Eren hated remembering that moment. He hadn't meant a word of it. He was still recovering from his mother's death, he hadn't eaten a proper meal in days, and it seemed like the entire world was turning against him.

Not Armin.

He was just trying to protect him, just trying to make sure he wasn't getting into something without knowing what exactly it was he was getting into. And it was his fault that Armin was even here in the first place. His fault that he had seen the things he had, being one of the last survivors of the Trost massacre. His fault that he had seemingly forgotten about the ocean and taken the glimmer from his eyes.

Eren wasn't sure when the tears started to fall. But almost immediately Armin pulled him into his arms, tracing patterns on his back, resting his head on Eren's. He sobbed, gripping Armin's shirt, feeling utterly pathetic. "I-I'm sorry." he mumbled, trying to keep his voice steady. "Don't you dare be sorry, Eren Jaeger." the blond said, pulling away to look at him. He gripped his shoulders tightly, but not enough to hurt. "You shouldn't keep your emotions in. It isn't healthy. So tell me. Please."

He bit his lip and wiped away some of his tears. "It doesn't make sense, b-but...I didn't like it...wh-when you called Christa..." he had to take a moment before forcing himself to complete the sentence. "...cute....And it's entirely my fault for getting you into a-all this, Armin. If it hadn't been f-for me, you could be s-safe in Wall Sina and not here watching our friends die and knowing there was nothing we could've done....If it weren't for me, you probably would've gotten to the ocean already and..."

Armin took his face in his hands, wiping the tears away. "No, Eren. You're wrong. It's because of you that I'm alive. And either way, I would've seen people I knew die anyway, since the titans have invaded. Besides, you and Mikasa are the only people I really care about and it's better to be prepared and ready to kill a titan than to wait like a sitting duck. And I don't want to just see the ocean..." he said, giving him a sad smile. "I want to see it with you."

"But why me? I'm just a poor example of humanity, I've been broken so many times I can't even remember anything anymore. I'm losing my mind, Armin!" he cried, grabbing the boy's collar for support he didn't need. "Eren," he said sternly but softly and the brunet felt himself relax a little. "Calm down. We're all a little broken, we kind of have to be, but we all survive. Just like you do."

He pressed their foreheads together and closed his eyes. Eren could see his lip trembling. "You're so important to me, Eren. More than anyone else. I don't know where I'd be without you. I'd probably be long dead by now. I've already lost you once..." his voice shook. Connie had told Eren how utterly distraught Armin had been when he saw Eren get devoured, like he was in a daze, his eyes overcast and cloudy, before suddenly breaking down and sobbing uncontrollably. He had even tried to...

"I can't lose you again. Without you...I have n-nothing to live for."

Tears began to roll down his cheeks and Eren never wanted to see Armin like this again. "I...you mean e-everything to me..."

Eren couldn't stand the pain his heart was experiencing, seeing Armin so upset.

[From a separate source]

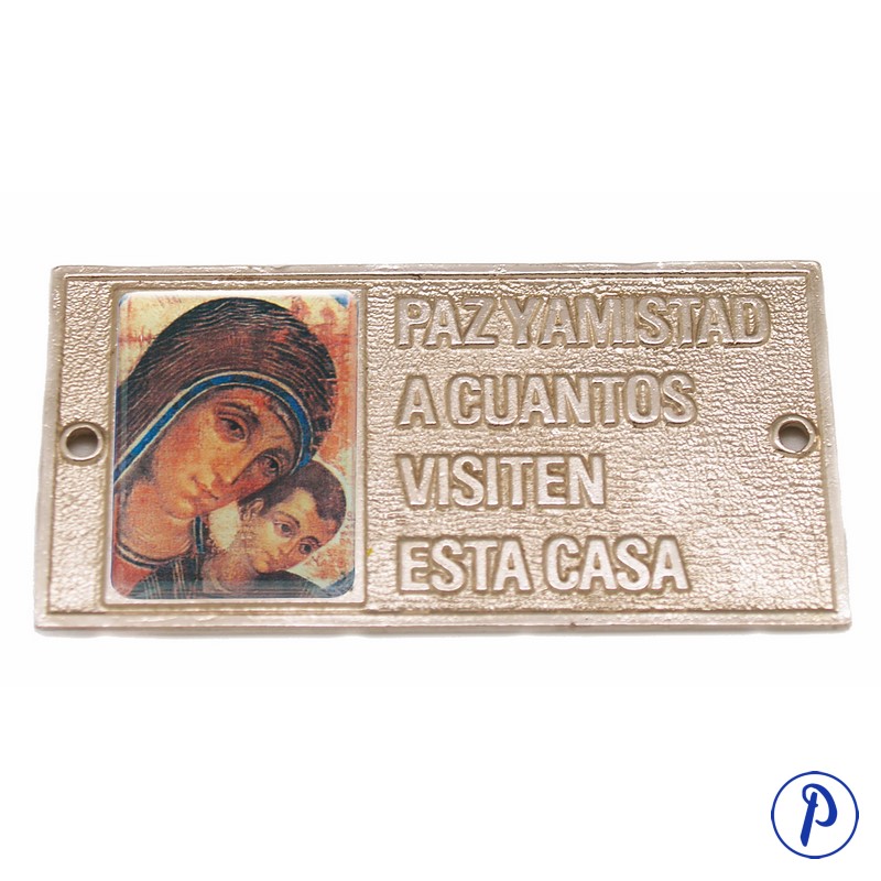 Placa para la puerta del hogar en niquel con forma rectangular horizontal con imagen personalizada y texto «Paz y amistad a cuantos visiten esta casa». Tamaño aproximado 5 x 9 cm.

He shouldn't look like this. He should be happy, that amazing smile on his face, his eyes shimmering with hopes and dreams of seeing something in the outside world. Eren wanted it to stop and acted on impulse, bringing their lips together hurriedly. Armin let out a small squeak of surprise but Eren kissed him harder and felt him melt into it. It seemed to last forever but not long enough at the same time. But when they had to breathe, they pulled away, staring into each other's eyes. Then Armin smiled, tears still shimmering on his cheeks. "I think I might know why you didn't like me calling Christa cute."